President Trump issued the removal of Deferred Action of Childhood Arrivals, otherwise known as DACA, on September 5.
DACA is a program that was enacted five years ago under the Obama administration to protect the rights of individuals who entered the US illegally as minors. As of March 31, 2017, DACA protects about 800,000 young immigrants from deportation.
The Trump administration is giving Congress six months to pass legislation to preserve provisions before the program is terminated.
Several states disagree with Trump’s request to end the program. On Monday, Sept. 11, California Attorney General Xavier Becerra took action by suing the Trump administration. California challenged the removal of DACA as unconstitutional. 15 other states, led by New York and Washington, filed a similar legal claim.
Although Trump called for the removal of DACA, he went to Twitter to defend the DREAMers, people protected by DACA. This is contradictory because he initially wanted to get rid of the policy and now he is defending it.
“Does anybody really want to throw out good, educated and accomplished young people who have jobs, some serving in the military? Really! They have been in our country for many years through no fault of their own — brought in by parents at young age. Plus BIG border security,” Trump said over twitter.
Trump offered a potential deal to extend DACA until March 5, 2018. As of Thursday morning, the offer involves enhanced border security with legislation to protect the young immigrants from deportation.
Enhanced border security is also on the table for discussion. Democrats continually refuse to agree on funding for a wall extending the period of negotiation.

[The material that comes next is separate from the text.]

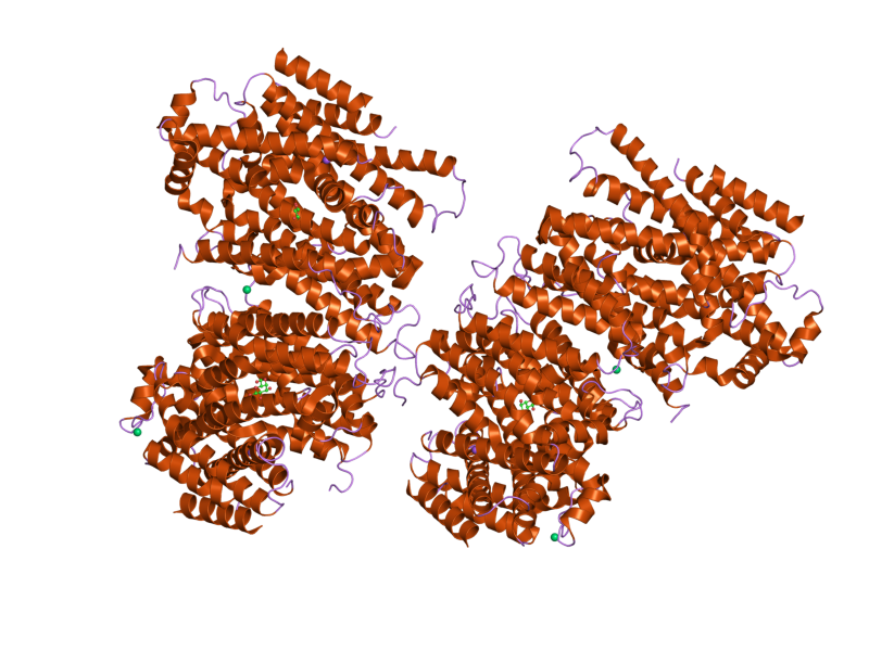 Cartoon representation of the molecular structure of protein registered with 3dh4 code.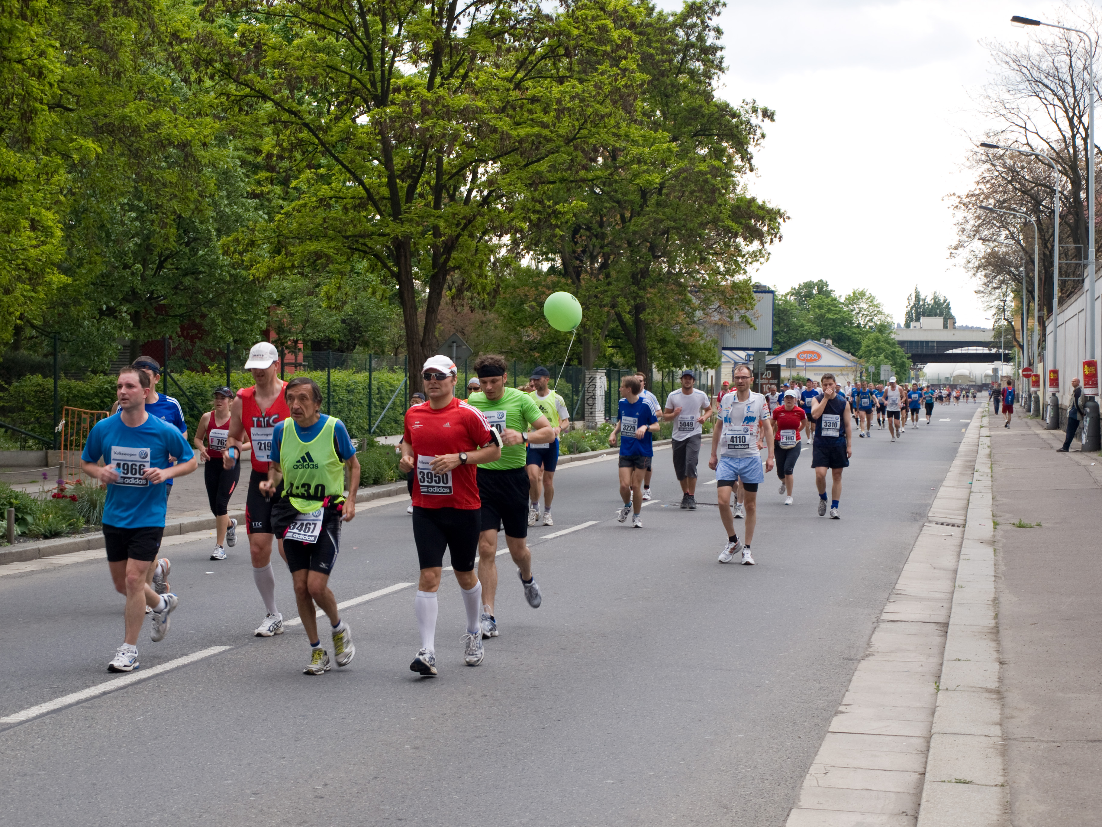 Hořejší nábřeží, cca 30 km, Prague International Marathon 2010

In regards to the deal, four bills have already been proposed. The Bridge Act, proposed by the Republicans, offers a three-year protection to individuals eligible for DACA. Democrats request to renew the Dream Act that allows DACA recipients and eligible young people potential permanent residency and citizenship if they work and study in the US. These are the two most likely to be agreed upon by Congress.
As for now, those under DACA cannot leave the country or re-enter. The threat of removal severely affects them and clear action is unlikely to happen soon.